Indeed, it would have to be bidirectional.  Live video links, all that sort
of stuff.

> I've been looking at this - mostly off than on recently unfortunately.
> I have enough here to do 38kbps bidirectional, and I've 
> successfully run
> Netmeeting over a radio link at this speed - and it's not at 
> all bad I might
> add.

On a reliable 38.4k link, it probably would work well. :)

> What's gonna really screw things up is that you need a 
> protocol which will
> stand the test of a noisy channel... goes back to that thing 
> about digital:
> either it works or it doesn't, and there's not much in between.

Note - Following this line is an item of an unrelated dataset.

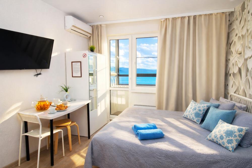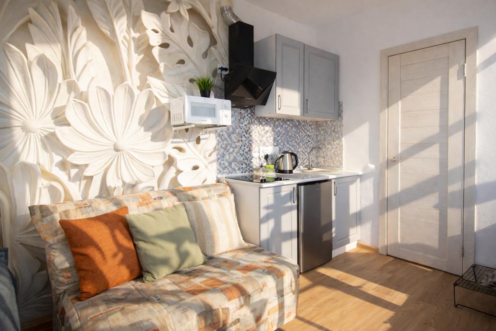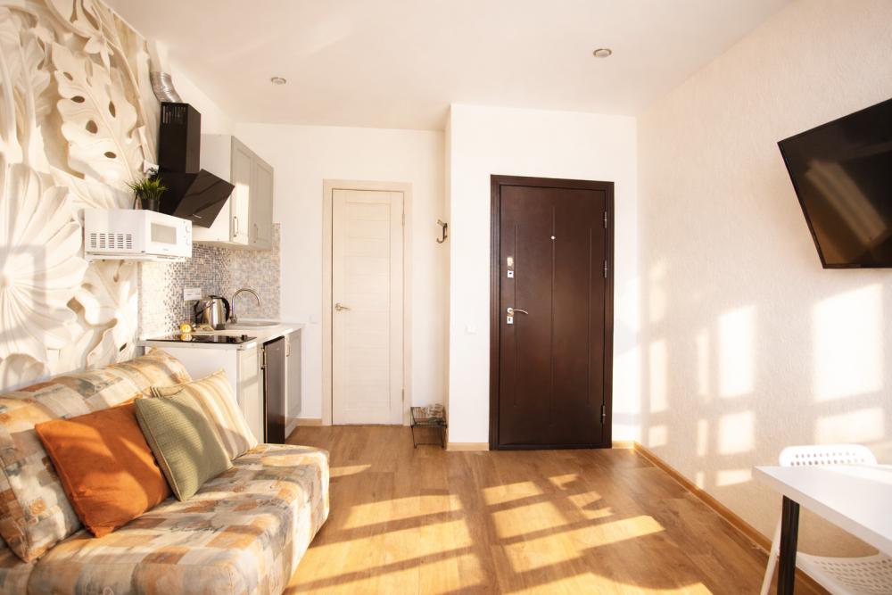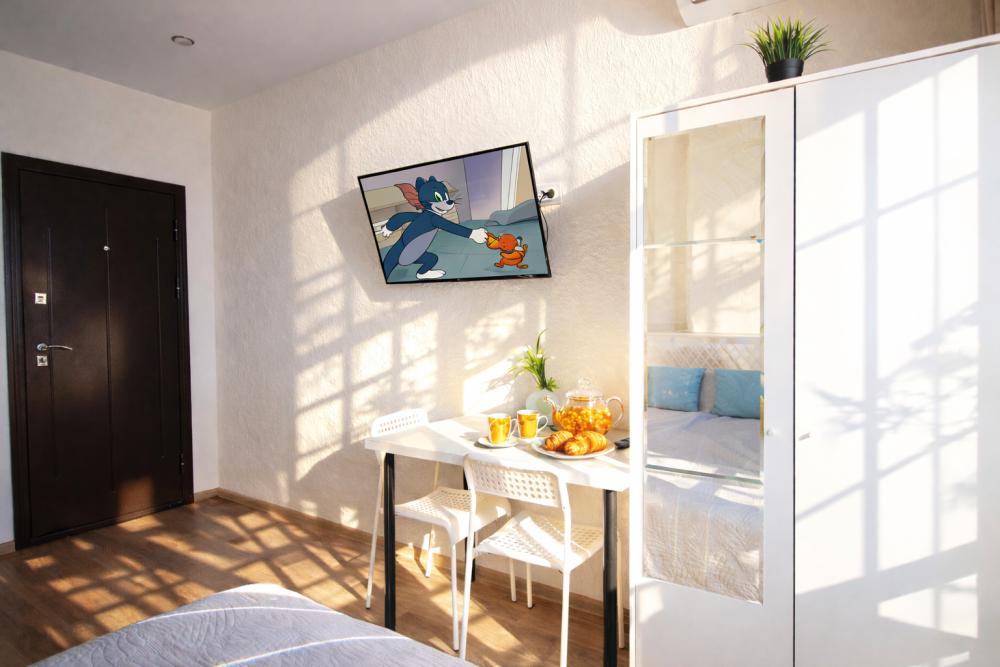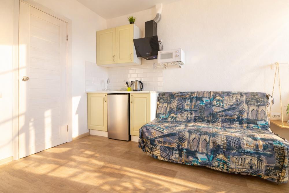 В квартире-студии 3 спальных места: двуспальная кровать и раскладной диван. Для удобства гостей имеются: стиральная машина, холодильник, кухонная плита, СВЧ-печь, утюг с гладильной доской, кондиционер, душ. Предоставляется чистое постельное белье, банные полотенца. К услугам гостей: бесплатная парковка во дворе дома, wi-fi, телевизор, кухня для самостоятельного приготовления пищи. Рядом удобная транспортная развязка, остановка общественного транспорта, спортивный комплекс, южный рынок, магазин Магнит, Пионерская роща.

True, any protocol has to handle a noisy, high latency environment (long
haul satellite links).

> I'd like to use Standards if possible, so here's what I've 
> come up with so
> far...
> We're not really interested in point-to-point - without 
> broadcasting this
> whole idea lacks appeal. H.323 (_the_ standard currently for 

Basically, it has to have similar facilities to analog modes.  Non
participants need to be able to "tune in", just like they can with analog,
by selecting the right frequency and mode.  These bystandars also must not
impact the network by merely "listening" (current Internet "webcasts" don't
meet this criterium, as they use separate unicast streams per connection).

> IP Telephony,
> or Voice over IP) supports multicasting but relies on 
> gateways and security
> technology not really compatible with what we're trying to 
> achieve in a
> simple manner.

No, the multicasting is ideal (a mechanism for digitally "tuning" into a
particular QSO on a shared channel), but the security stuff is simply not
needed, should be simple at that level.

> It's exactly the same reasons why we use PB/PG on the digital 
> sats - the
> PB/PG protocol has both broadcasting _and_ error correction 
> built in... the
> receiving stations generally say nothing unless they fail to receive
> something - ie a negative acknowledgement strategy.

This sounds ideal, and meets the basic criteria.

> There's also an open source cross platform H.323 platform, 
> but I found this
> to be lacking in some of the things NM already supported - like quick
> connection. Of course I could write it in there...

I am aware of this, but it seems to be in the early stages of its
development cycle.

> I really really want to use the Voice over IP standards - 
> H.323 and all that
> that encompasses, but I'm afraid that I really can't see it 
> working reliably
> enough over a radio channel. Not only that but at 38k4 
> there's still quite a
> bit of overhead. For H.323, even if you're only 'listening' 
> you still need
> to be a part of the underlying digital conversation. We'd 
> need to have a
> means of 'sniffing' out the conversation, but H.323 
> deliberately tries to
> stop this in an attempt to aid to security.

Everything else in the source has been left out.